[XFS] write barrier support Issue all log sync operations as ordered

writes. In addition flush the disk cache on fsync if the sync cached operation didn't sync the log to disk (this requires some additional bookeping in the transaction and log code). If the device doesn't claim to support barriers, the filesystem has an extern log volume or the trial superblock write with barriers enabled failed we disable barriers and print a warning. We should probably fail the mount completely, but that could lead to nasty boot failures for the root filesystem. Not enabled by default yet, needs more destructive testing first. SGI-PV: 912426 SGI-Modid: xfs-linux:xfs-kern:198723a Signed-off-by: Christoph Hellwig <hch@sgi.com> Signed-off-by: Nathan Scott <nathans@sgi.com>

[XFS] write barrier support Issue all log sync operations as ordered
writes. In addition flush the disk cache on fsync if the sync cached operation didn't sync the log to disk (this requires some additional bookeping in the transaction and log code). If the device doesn't claim to support barriers, the filesystem has an extern log volume or the trial superblock write with barriers enabled failed we disable barriers and print a warning. We should probably fail the mount completely, but that could lead to nasty boot failures for the root filesystem. Not enabled by default yet, needs more destructive testing first.

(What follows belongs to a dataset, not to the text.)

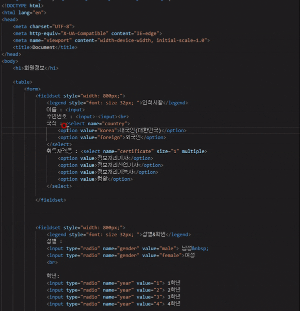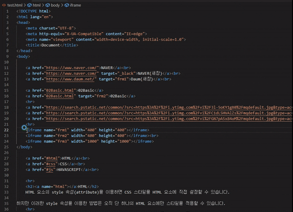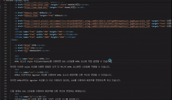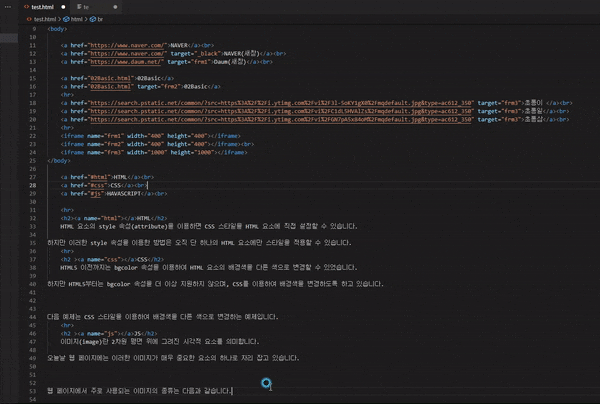 html 코드안에서는 <-- --> 처리가되지만 js상에서는 /* */ 또는 // 처리가 되는것도 참고해주시면 좋다

SGI-PV: 912426 SGI-Modid: xfs-linux:xfs-kern:198723a Signed-off-by: Christoph Hellwig <hch@sgi.com> Signed-off-by: Nathan Scott <nathans@sgi.com>
f538d4da · Christoph Hellwig · Nathan Scott · 739cafd3 · f538d4da · f538d4da
Commit f538d4da authored Nov 02, 2005 by Christoph Hellwig Committed by Nathan Scott Nov 02, 2005
12 changed files
--- a/fs/xfs/linux-2.6/xfs_buf.c
+++ b/fs/xfs/linux-2.6/xfs_buf.c
@@ -1295,6 +1295,11 @@ _pagebuf_ioapply(
 		rw = (pb->pb_flags & PBF_READ) ? READ : WRITE;
 	}

+	if (pb->pb_flags & PBF_ORDERED) {
+		ASSERT(!(pb->pb_flags & PBF_READ));
+		rw = WRITE_BARRIER;
+	}
+
 	/* Special code path for reading a sub page size pagebuf in --
 	 * we populate up the whole page, and hence the other metadata
 	 * in the same page.  This optimization is only valid when the

--- a/fs/xfs/linux-2.6/xfs_buf.h
+++ b/fs/xfs/linux-2.6/xfs_buf.h
@@ -74,7 +74,7 @@ typedef enum page_buf_flags_e {		/* pb_flags values */
 	PBF_DELWRI = (1 << 6),  /* buffer has dirty pages                  */
 	PBF_STALE = (1 << 7),	/* buffer has been staled, do not find it  */
 	PBF_FS_MANAGED = (1 << 8),  /* filesystem controls freeing memory  */
-	PBF_FLUSH = (1 << 11),	    /* flush disk write cache		   */
+ 	PBF_ORDERED = (1 << 11),    /* use ordered writes		   */
 	PBF_READ_AHEAD = (1 << 12), /* asynchronous read-ahead		   */

 	/* flags used only as arguments to access routines */
@@ -383,9 +383,9 @@ extern void pagebuf_trace(
 #define XFS_BUF_UNASYNC(x)	 ((x)->pb_flags &= ~PBF_ASYNC)
 #define XFS_BUF_ISASYNC(x)	 ((x)->pb_flags & PBF_ASYNC)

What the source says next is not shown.